With that said, any control would have to be limited enough that those controlled went along with it instead of fighting it - a relationship of complete puppetry would be difficult, as they might decide to go down and take you with them.


No website has to have Google track their users. If you do it, you choose to do it (you're disrespecting your users).

You can get your open-source and locally running web analytics here: https://prism-break.org/


> it lets NSA home in on someone already under suspicion

Like OWS protesters, for example.


> Sheriff Bud York suggested, according to the Post-Star, the local newspaper, that “in an era of terrorist attacks on U.S. soil and mass killings in schools, police agencies need to be ready for whatever comes their way...

And in reality, they're just preparing for social unrest that seem more likely by the day.


In reality the sheriff saw an opportunity for positive press and went for it. You don't turn down free PR.


> the NSA and its British counterpart defeat encryption technologies by working with chipmakers to insert backdoors, or cryptographic weaknesses, in their products.

I had already started to forget about that...

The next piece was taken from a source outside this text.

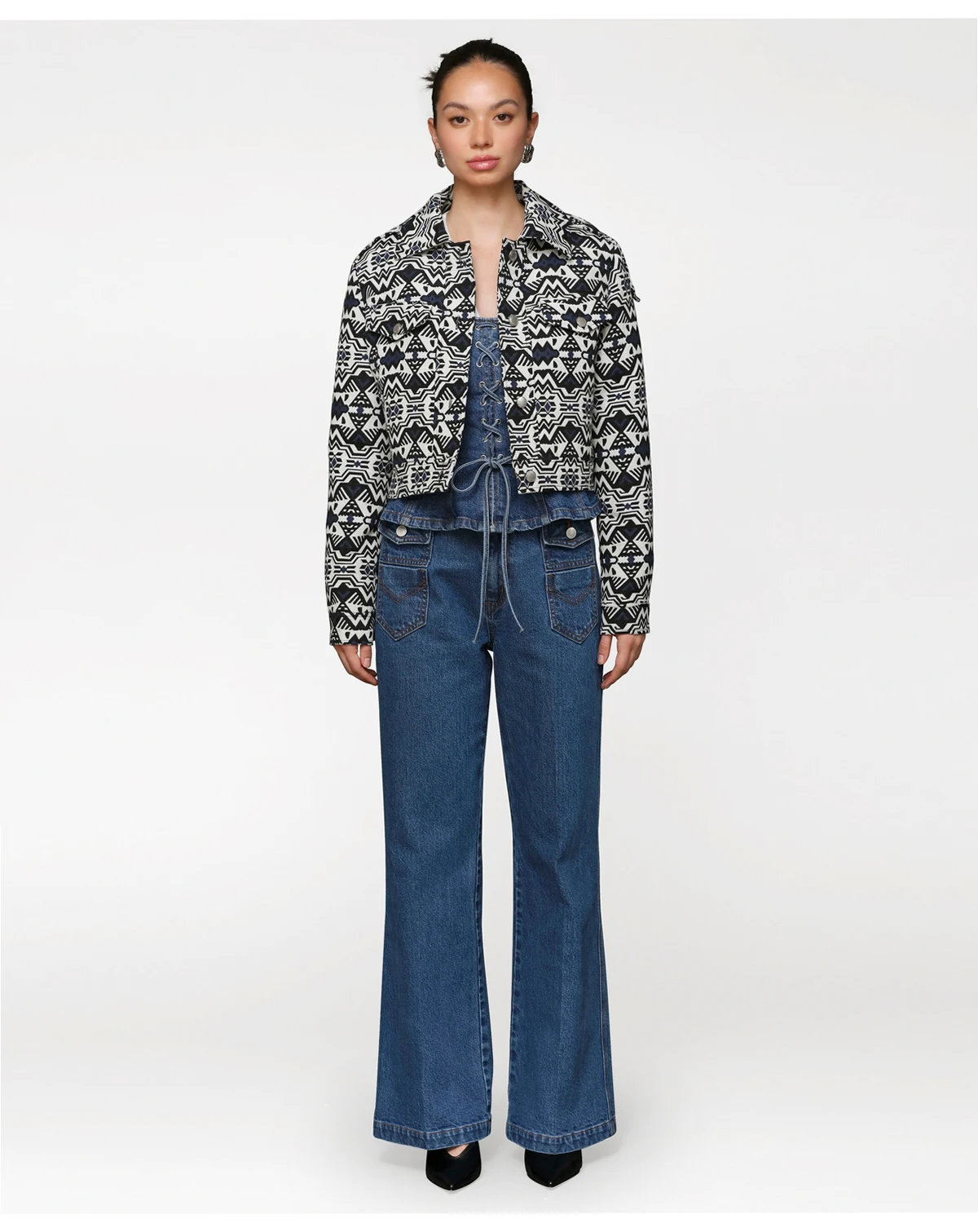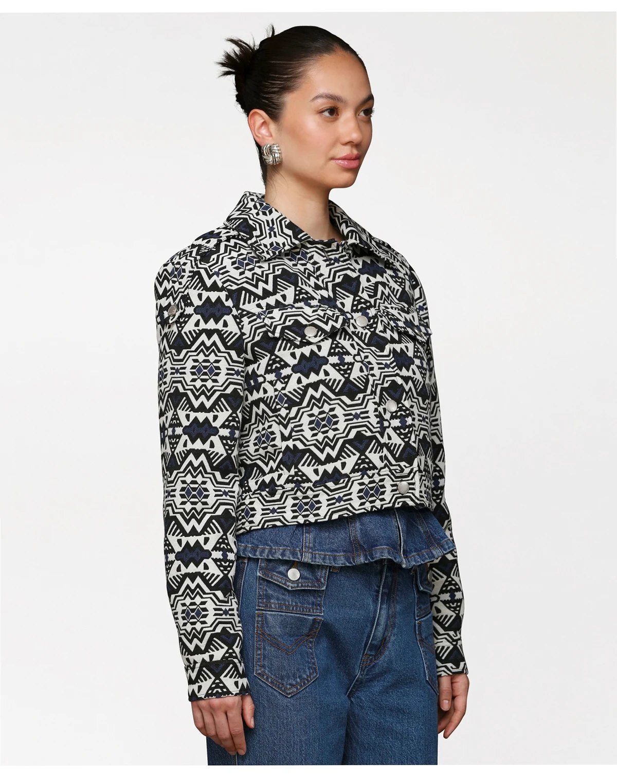 Women’s Printed Cropped Trucker Jacket

From that other report (september):

> They reveal a highly classified program codenamed Bullrun, which according to the reports relied on a combination of "supercomputers, technical trickery, court orders, and behind-the-scenes persuasion" to undermine basic staples of Internet privacy, including virtual private networks (VPNs) and the widely used secure sockets layer (SSL) and transport layer security (TLS) protocols.


Reminds me of the story about that Canadian woman who can never access US soil again, because of her medical data.


> My grandfather tells me not to write open source software because I don't get paid for it

Yeah, these are the values of the rat race culture we've been nurturing so far. And look where that has taken us. Sanity?